Despite the sombre start, the self-assured delivery and bullish outlook in the face of an unprecedented global event looked like an early pitch for higher office.

The Chancellor said that while the commitments in Budget 2020 have remained within the limits of the existing fiscal rules, the framework would be reviewed – suggesting that a relaxation on borrowing could follow in the autumn in the face of low interest rates.

The Green Book, which sets the criteria by which infrastructure projects are judged, will also be reviewed – tying in with the Government’s commitment to shift investment out of the South East and towards the regions.

More Fiscal Events this Year

The Budget also launched a consultation on the Comprehensive Spending Review (CSR), which will close in July.

The exact timing of the CSR, which will set out detailed spending plans for public services and investment, will be confirmed by the Government once it has a clearer understanding of the coronavirus’ economic impact.

Collectively the Budget amounts to some very big spending commitments but with little detail on exactly when, where and how large chunks of the money will be spent.

What happens next

Four days of debate will now follow as MPs get to grips with the detail of Budget 2020, before the Finance Bill, which enacts the proposals for taxation, is tabled in Parliament.

The Budget will also be scrutinised by the Treasury Select Committee, with expert witnesses providing evidence to committee members.

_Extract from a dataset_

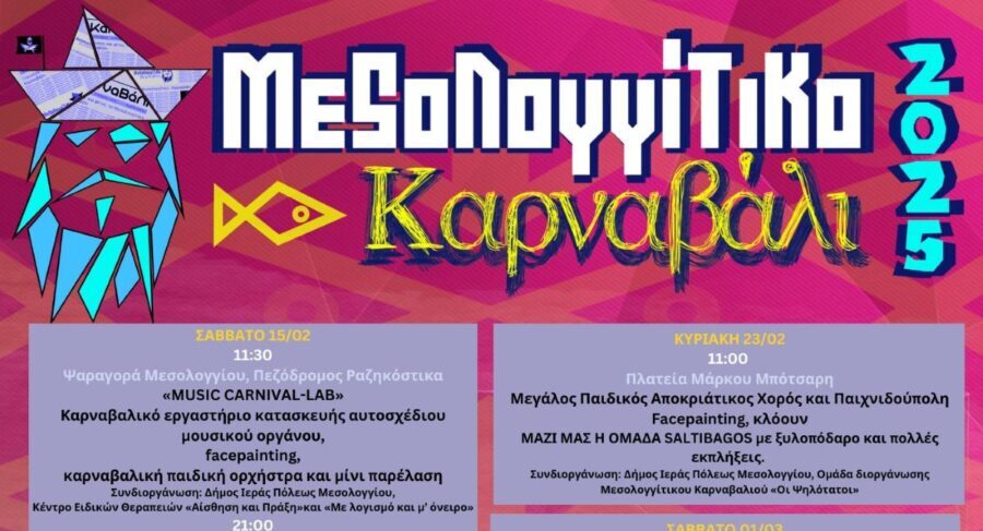 Ο Δήμος Ιερής Πόλης Μεσολογγίου ανακοινώνει το πρόγραμμα των αποκριάτικων εκδηλώσεων και σας προσκαλεί να διασκεδάσετε, να χορέψετε και να γελάσετε στο 40ο Μεσολογγίτικο Καρναβάλι!

With a majority of 80, we can expect the debates and Bill to pass without too much drama, but as the ‘omnishambles’ in 2012 showed a second round of scrutiny can throw-up unexpected surprises for the Government.

Looking further ahead, the Chancellor knows that his first Budget will be like no other and further tests sit on the horizon – the CSR later this year which will see an inevitable bun fight ensue as departments square up for longer-term funding allocations, and the Autumn Budget just a few weeks before we’re due to leave the EU for good.